What the Responsible Finance Initiative will not attempt to do is supplant the considerable work that has already gone towards meeting these ends by one stakeholder group or another – either global or local. Rather, its core function is to catalyse integration and alignment between all these interest groups – by employing a distinctly African lens to developing solutions.

That means our work on impact and the effective allocation of capital will need to be relevant to:

  • policymakers and regulators;
  • asset owners, fiduciaries, and beneficiaries of investing;
  • agents of development finance and capital markets;
  • corporates; and ultimately
  • national and regional economies.

Why responsible?

To understand contemporary finance is to understand contemporary inequality. Any attempt to address the sustainable development goals of our planet must start with a reconfiguration and realignment of the financial ecosystem that underpins economic growth. ‘Sustainable’ finance suggests, we are only considering environmental, social and governance issues in our assessments of risk and value. ‘Responsible’ finance takes us one step further – it looks for answers on how best to lever finance for a ‘better world’. It suggests that, as a financial ecosystem we need to have a hard look at how the value chain works together effectively.

Why finance?

If we confined ourselves to considering investment alone, we only address the activity of allocating capital to gain value or profitable outcomes. But, the concept of finance extends to those social contracts that underpin the trust and the will that facilitate production or consumption. A focus on finance allows us to interrogate the broader activities of commerce, government, and development agencies in managing debt, credit, and money flows, in addition to investments. This will be critical to stimulating outcomes that can do more than just meet minimum development targets for an economy.

It allows us to consider how a given society is organising its cumulative economic resources. To what extent is the financial system creating excessive intermediation that extracts without providing economic or societal benefit? To what extent is the financial system eroding the relationship between capital and labour, and to what extent is it eroding societal safety nets by transferring risk from organisations to individuals and their families?

Why Africa?

The imperative to lever these systems to meet developmental ends is more keenly felt here than anywhere else in the world. That said, each country that makes up this continent is at a very different point in the evolution of its own financial ecosystem. Their available resources, governance frameworks, social priorities and implementation capabilities vary significantly. While there are important interdependencies and linkages between these different financial systems, the real value of a continental focus is an opportunity to rethink what would work best for Africa, independent from its colonial legacies. There are still enough nascent financial activities on the continent to provide us with an opportunity to reconsider its current development trajectory, and for Africa to build African solutions.

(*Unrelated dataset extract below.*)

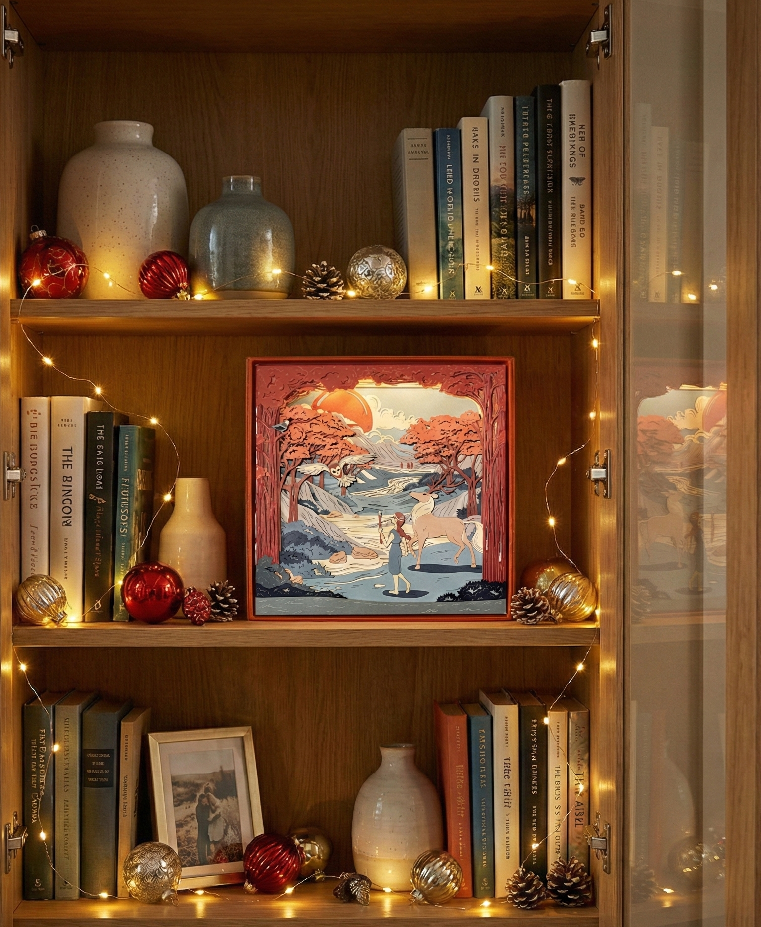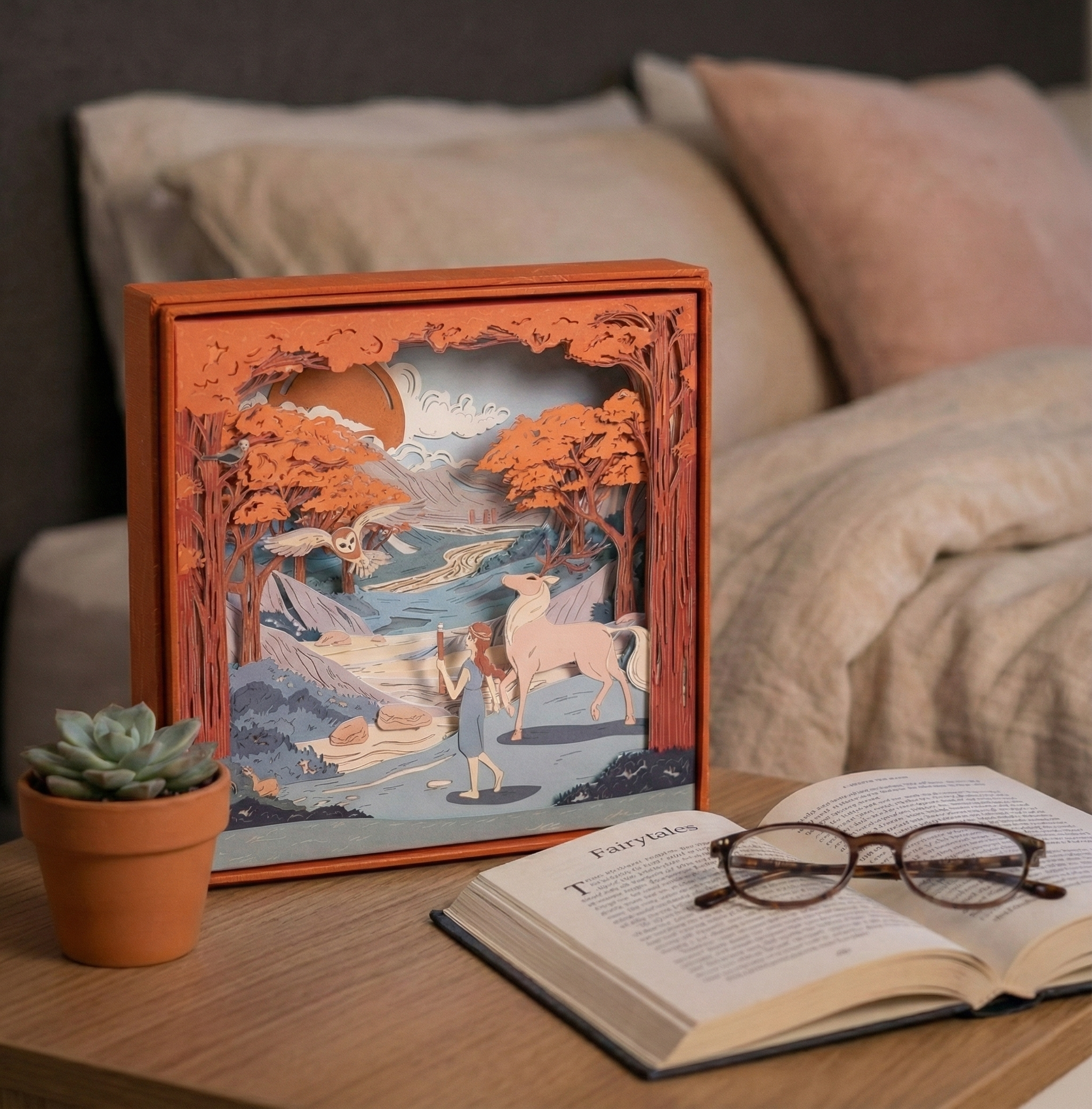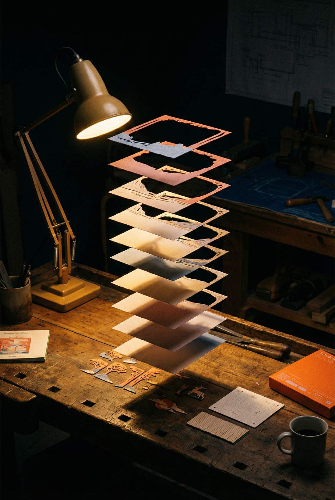 The scenery is made of 10 laser-cut layers stacked up and inserted in a decorative box acting as the eleventh layer.

Naidoo says, “GIBS, as a business school geared for Africa, provides the ideal platform for the RFI to operate, as it balances academic soundness with robust practice. The RFI’s intention is to produce practical, replicable and implementable solutions for measuring and reporting impact, enhancing the asset allocation framework for investors looking to deploy capital along a risk, return and impact frontier, and ultimately provide solutions to fill any funding gaps in capital market mechanisms. This will require a dual but integrating focus between macro and micro mechanisms.”